TASK ITEM ▸
Transcribe every entry word for word, but skip the images.

LISTED RECORDS ▸
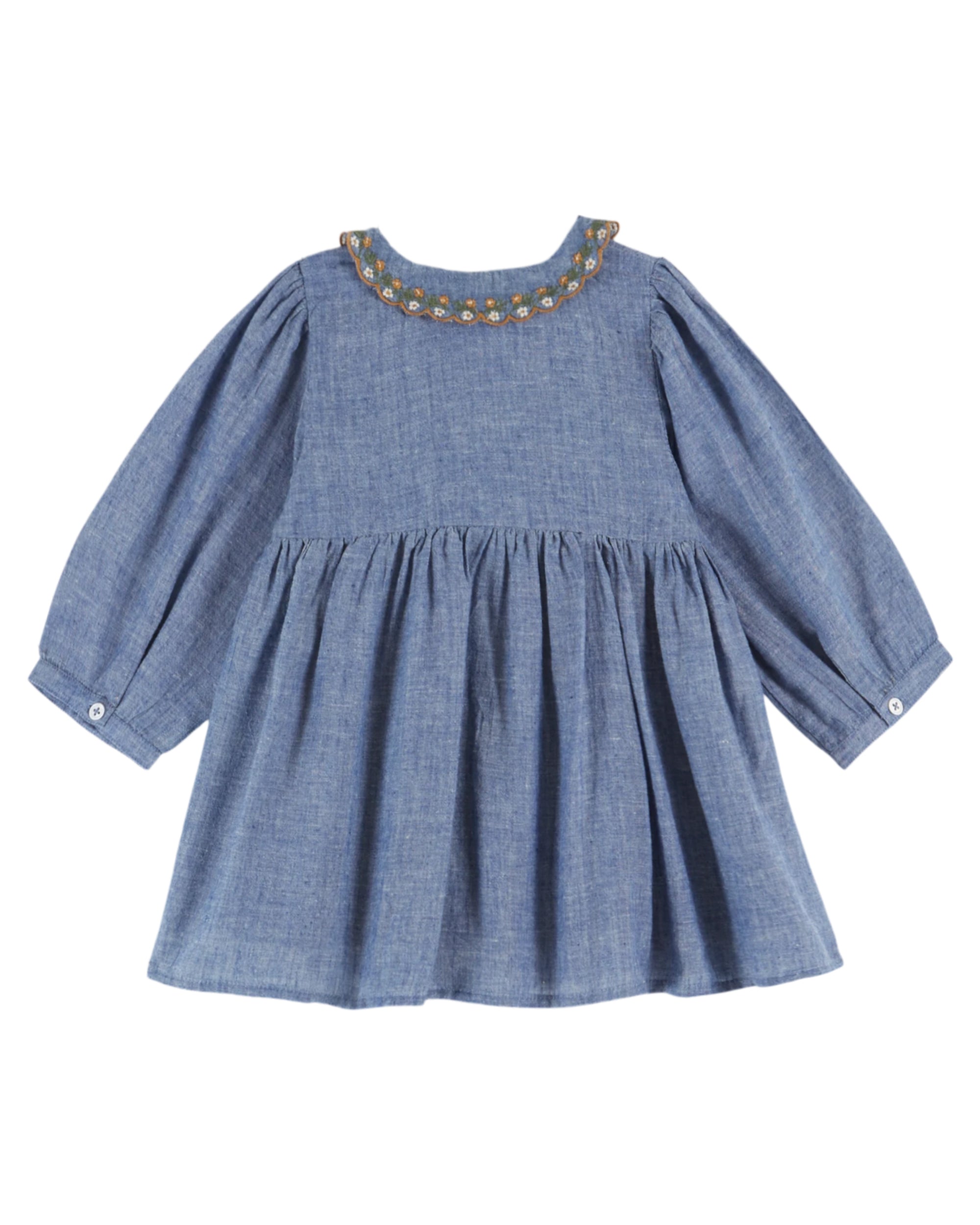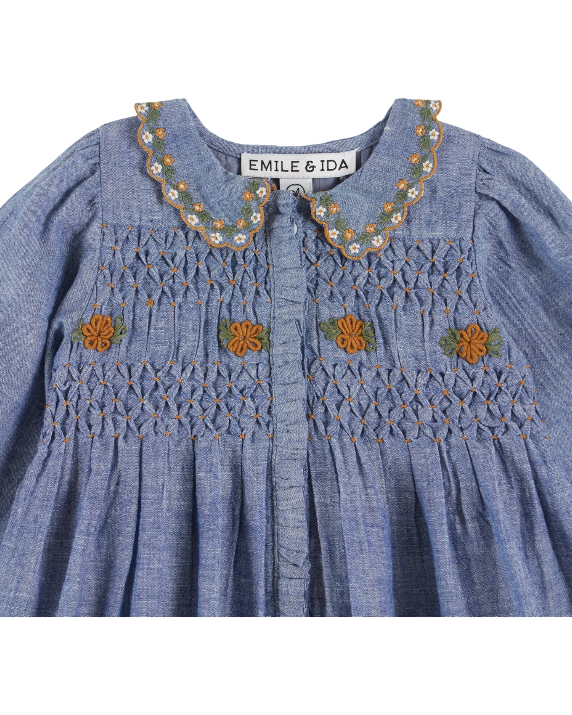 Robe en jean souple avec smock sur la poitrine, col Claudine et détails fleurs brodées sur le devant.
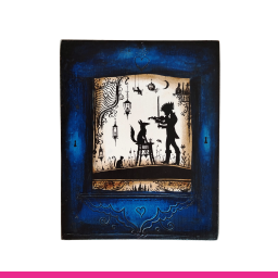 Pictura pe lemn - Muzicanți cu marionete I 20 x 26
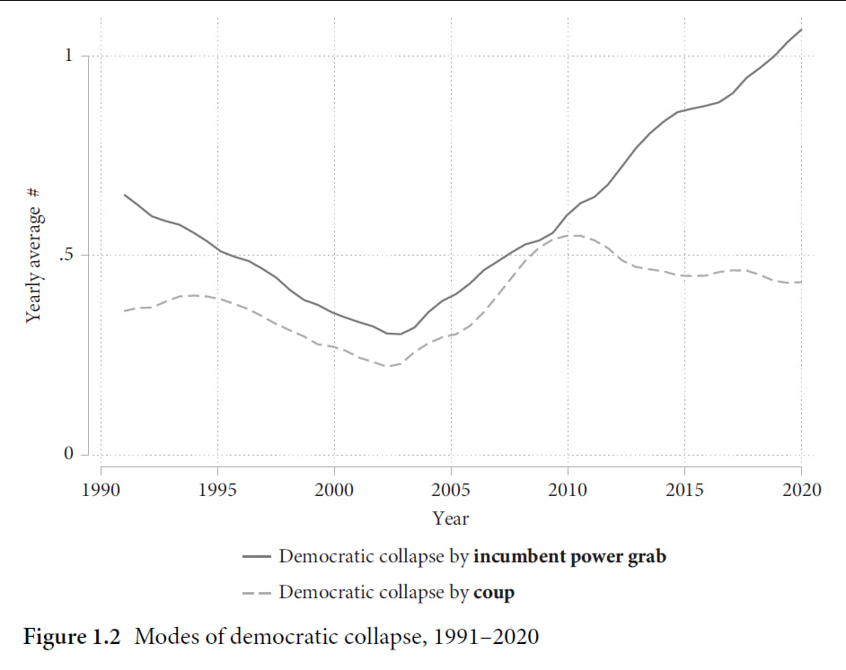 В интересной работе от Эрики Франц, Андреа Кендэл-Тэйлор и Джозефа Райта нашёл следующую статистику. Примерно с 2010-х (а сам тренд стал заметен еще с 2000-х) среди всех случаев коллапса демократии 64% пришлись на глав государств, решивших развалить демократические институты изнутри и узурпировать власть. И всего 36% пришлось на государственные перевороты. Какие недавние кейсы можно указать в качестве примера?
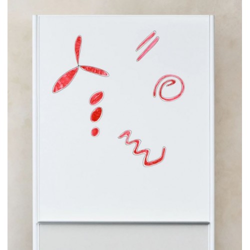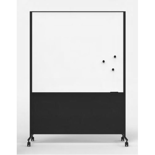 One Whiteboard Screen Mobil skrivtavla.Dubbelsidig vit glasemaljerad ,magnetbärande skrivtavla med ljudblockerande textilklädd nederdel.    Mobilt verktyg för alla professionella miljöer.Rymlig pennhylla med plats för pennor och tillbehör.Hjulfot,varav 2 st hjul är låsbara, rundad ram och textil i  svart eller vit kulör. Flexibla krokar för upphängning av blädderblock medföljer.
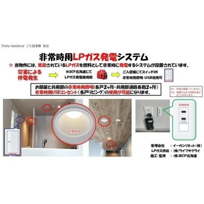 - その他:システムキッチン・ガスキッチン・LPガス・トイレ/バス別・ウォシュレット・洗面化粧台・シャンプードレッサー・公共下水・エアコン・灯油暖房・オートロック・TVインターホン・防犯カメラ・BS・光回線・照明・室内洗濯機置場・バルコニー・トランクルーム・宅配BOX・エ

SOLUTION TO THE PROBLEM ▸
 Robe en jean souple avec smock sur la poitrine, col Claudine et détails fleurs brodées sur le devant.
 Pictura pe lemn - Muzicanți cu marionete I 20 x 26
 В интересной работе от Эрики Франц, Андреа Кендэл-Тэйлор и Джозефа Райта нашёл следующую статистику. Примерно с 2010-х (а сам тренд стал заметен еще с 2000-х) среди всех случаев коллапса демократии 64% пришлись на глав государств, решивших развалить демократические институты изнутри и узурпировать власть. И всего 36% пришлось на государственные перевороты. Какие недавние кейсы можно указать в качестве примера?
 One Whiteboard Screen Mobil skrivtavla.Dubbelsidig vit glasemaljerad ,magnetbärande skrivtavla med ljudblockerande textilklädd nederdel.    Mobilt verktyg för alla professionella miljöer.Rymlig pennhylla med plats för pennor och tillbehör.Hjulfot,varav 2 st hjul är låsbara, rundad ram och textil i  svart eller vit kulör. Flexibla krokar för upphängning av blädderblock medföljer.
 - その他:システムキッチン・ガスキッチン・LPガス・トイレ/バス別・ウォシュレット・洗面化粧台・シャンプードレッサー・公共下水・エアコン・灯油暖房・オートロック・TVインターホン・防犯カメラ・BS・光回線・照明・室内洗濯機置場・バルコニー・トランクルーム・宅配BOX・エ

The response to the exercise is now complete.